Print nodes at k distance from root

1.6

Given a root of a tree, and an integer k. Print all the nodes which are at k distance from root.

For example, in the below tree, 4, 5 & 8 are at distance 2 from root.

            1
          /   \
        2      3
      /  \    /
    4     5  8 

The problem can be solved using recursion.

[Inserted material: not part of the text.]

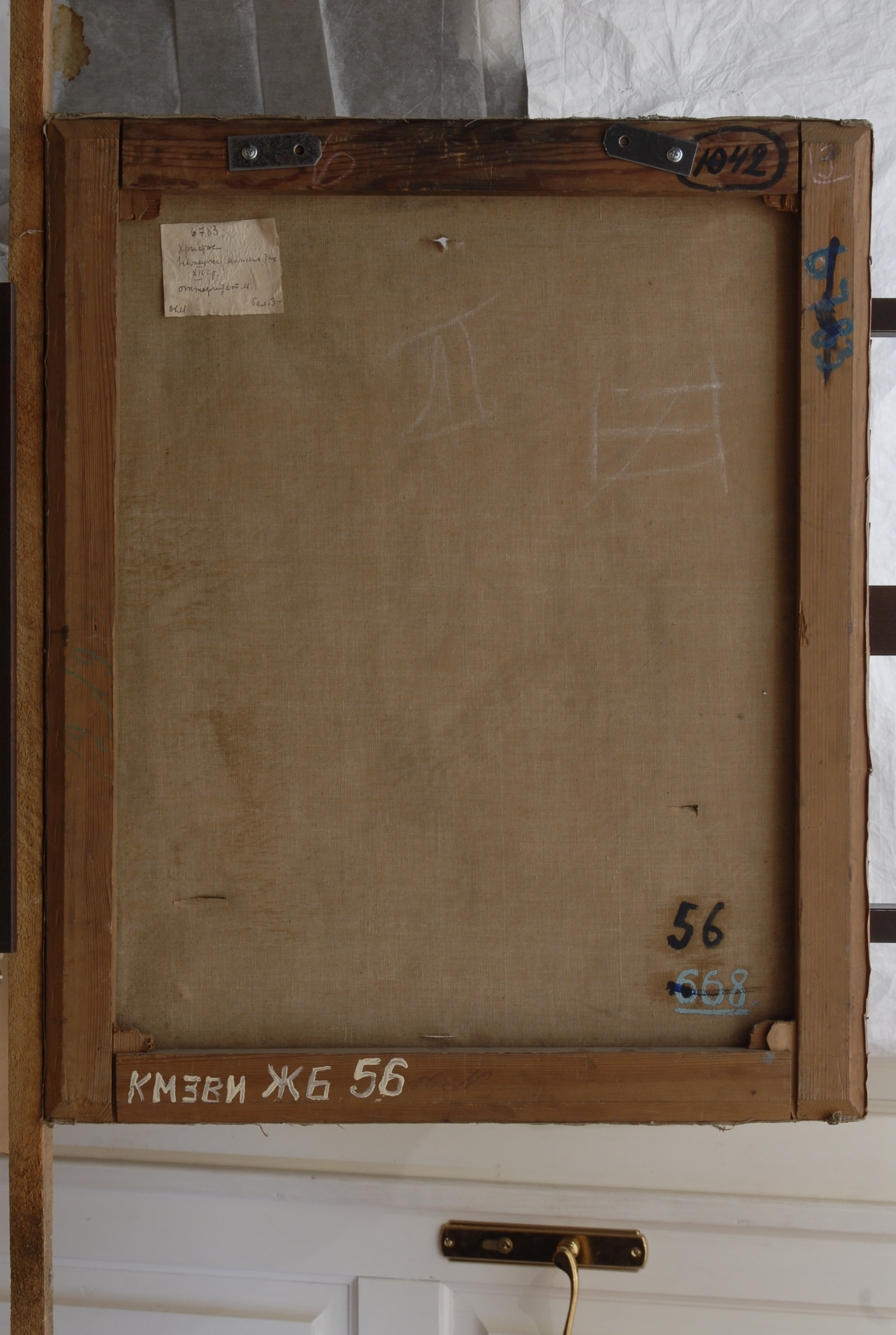 Інвентар 1948р.:потьмяніння фарбового шару, прориви у верхній частині.,

Thanks to eldho for suggesting the solution.

C

#include <stdio.h>
#include <stdlib.h>

/* A binary tree node has data, pointer to left child
   and a pointer to right child */
struct node
{
   int data;
   struct node* left;
   struct node* right;
};

void printKDistant(struct node *root , int k)    
{
   if(root == NULL) 
      return;
   if( k == 0 )
   {
      printf( "%d ", root->data );
      return ;
   }
   else
   {      
      printKDistant( root->left, k-1 ) ;
      printKDistant( root->right, k-1 ) ;
   }
}

/* Helper function that allocates a new node with the
   given data and NULL left and right pointers. */
struct node* newNode(int data)
{
  struct node* node = (struct node*)
                       malloc(sizeof(struct node));
  node->data = data;
  node->left = NULL;
  node->right = NULL;

  return(node);
}

/* Driver program to test above functions*/
int main()
{

  /* Constructed binary tree is
            1
          /   \
        2      3
      /  \    /
    4     5  8 
  */
  struct node *root = newNode(1);
  root->left        = newNode(2);
  root->right       = newNode(3);
  root->left->left  = newNode(4);
  root->left->right = newNode(5);
  root->right->left = newNode(8);  

  printKDistant(root, 2);

  getchar();
  return 0;
}

Java

// Java program to print nodes at k distance from root
 
/* A binary tree node has data, pointer to left child
   and a pointer to right child */
class Node 
{
    int data;
    Node left, right;
 
    Node(int item) 
    {
        data = item;
        left = right = null;
    }
}
 
class BinaryTree 
{
    Node root;
 
    void printKDistant(Node node, int k) 
    {
        if (node == null)
            return;
        if (k == 0) 
        {
            System.out.print(node.data + " ");
            return;
        } 
        else 
        {
            printKDistant(node.left, k - 1);
            printKDistant(node.right, k - 1);
        }
    }
    
    /* Driver program to test above functions */
    public static void main(String args[]) {
        BinaryTree tree = new BinaryTree();
        
        /* Constructed binary tree is
                1
              /   \
             2     3
            /  \   /
           4    5 8 
        */
        tree.root = new Node(1);
        tree.root.left = new Node(2);
        tree.root.right = new Node(3);
        tree.root.left.left = new Node(4);
        tree.root.left.right = new Node(5);
        tree.root.right.left = new Node(8);
 
        tree.printKDistant(tree.root, 2);
    }
}
 
// This code has been contributed by Mayank Jaiswal

Python


# Python program to find the nodes at k distance from root

# A Binary tree node
class Node:
    
    # Constructor to create a new node
    def __init__(self, data):
        self.data = data
        self.left = None
        self.right = None

def printKDistant(root, k):
    
    if root is None:
        return 
    if k == 0:
        print root.data,
    else:
        printKDistant(root.left, k-1)
        printKDistant(root.right, k-1)

# Driver program to test above function
"""
   Constructed binary tree is
            1
          /   \
        2      3
      /  \    /
    4     5  8 
"""
root = Node(1)
root.left = Node(2)
root.right = Node(3)
root.left.left = Node(4)
root.left.right = Node(5)
root.right.left = Node(8)

printKDistant(root, 2)

# This code is contributed by Nikhil Kumar Singh(nickzuck_007)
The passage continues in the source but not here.